AAA Fuel Gauge Report | August 27, 2012

(WASHINGTON, August 27, 2012) Today’s national average price for a gallon of regular self-serve gasoline is $3.75. This price is three cents more expensive than one week ago, 26 cents more expensive than one month ago and 15 cents more expensive than this day in 2011. The national average has increased for 49 of 55 days and increased 42 cents from the summer low of $3.33 on July 2. For eight consecutive days, the national average price has set a new all time record for the calendar day. Motorists in five states are now paying an average price at the pump of more than $4.00 per gallon: Hawaii – $4.28, California – $4.14, Washington – $4.02, Oregon – $4.01, and Connecticut – $4.00.
Gas prices in 2008 and 2011 – the respective second and third highest prices each day during this streak – moved lower from Labor Day through Christmas. However, it is worth noting that in 2008 prices in mid-September temporarily moved higher as Hurricane Ike drove the national average 20 cents higher from September 9 to September 17 before prices fell dramatically through the end of the year. The prices during that spike could potentially be higher than the daily prices this year during that same time period, which would break the current streak of daily record highs, but any end to the stretch would likely be brief. The 2012 daily price is likely to continue to set new all time highs heading into the fall. Included below is a comparison of the daily national retail average price for 2008, 2011 and 2012 to date.
Beginning in July, gas prices increased largely as a result of more expensive crude oil prices and stronger demand during the busy summer driving period. In August, the national average price at the pump has climbed as crude prices have taken a back seat to regional prices. To begin August, prices in the Midwest surged following supply disruptions, most notably a spill on the Enbridge pipeline in Wisconsin. As the pipeline was successfully restarted and upward pressure on pump prices in Midwestern states eased, a fire at the Chevron refinery in Richmond, California sent West Coast prices sharply higher on the expected impact to West Coast supply. These supply concerns have been largely priced into markets in that region, however this week begins with yet another story set to impact regional prices, as the Southeast U.S. and Gulf Coast brace for the impact of Tropical Storm Isaac which currently is expected to make landfall as a Category 1 or 2 hurricane.
Gasoline prices in the Gulf Coast region moved higher last week as traders closely monitored Tropical Storm Isaac. However, these concerns gave way to demand worries to end the week and prices on Friday were slightly lower. This changed over the weekend as gasoline spot prices turned sharply higher following announcements that several refineries in Eastern Louisiana and Mississippi had announced planned temporary closures in advance of the storm and markets priced in the expected impact on supply. As of this afternoon four major refineries, totaling more than one-million barrels per day of refining capacity, have announced their planned closure. These refineries make up about half of the production capacity in the region where Hurricane Isaac is expected to make landfall. The map below of capacity in Western Louisiana and Mississippi includes the major refineries that have already announced their planned closure in preparation for the storm.

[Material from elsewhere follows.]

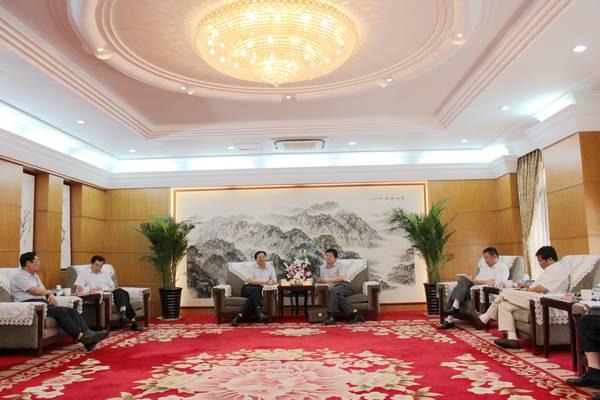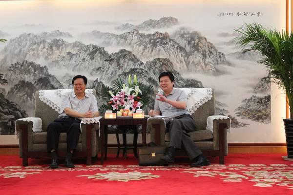 图二:李信强总经理和临沂天元集团董事长、党委书记张桂玉进行座谈交流

Isaac is expected to impact Gulf Coast refineries as well as offshore crude production in the region. However, with refineries responsible for the bulk of crude oil demand, refineries being offline would be expected to pressure oil prices lower as was the case today. Also pressuring prices lower was continued bearish economic news and reports that the Administration was again considering tapping the Strategic Petroleum Reserve (SPR) in the wake of the storm.
Rising gas prices and sanctions with Iran had seen recent calls for a release from the SPR, however AAA does not support this action at this time. The Reserve is designed to be a tool to protect American motorists from emergency disruptions to supply and distribution, not as a response to high prices due to non-emergency supply and demand market fundamentals. The impact on global supply caused by the Iran sanctions policy does not meet that condition at this time, and the ultimate impact on supply and distribution from Hurricane Isaac remains to be seen.
West Texas Intermediate (WTI) crude oil has stayed above $90 per barrel this month for all but the first two days of August after settling as low as $77.69 on June 28. This streak continued today, however the price of WTI declined 68 cents to settle at $95.47 per barrel at the close of formal trading on the NYMEX. This marks three straight trading days of declining oil prices.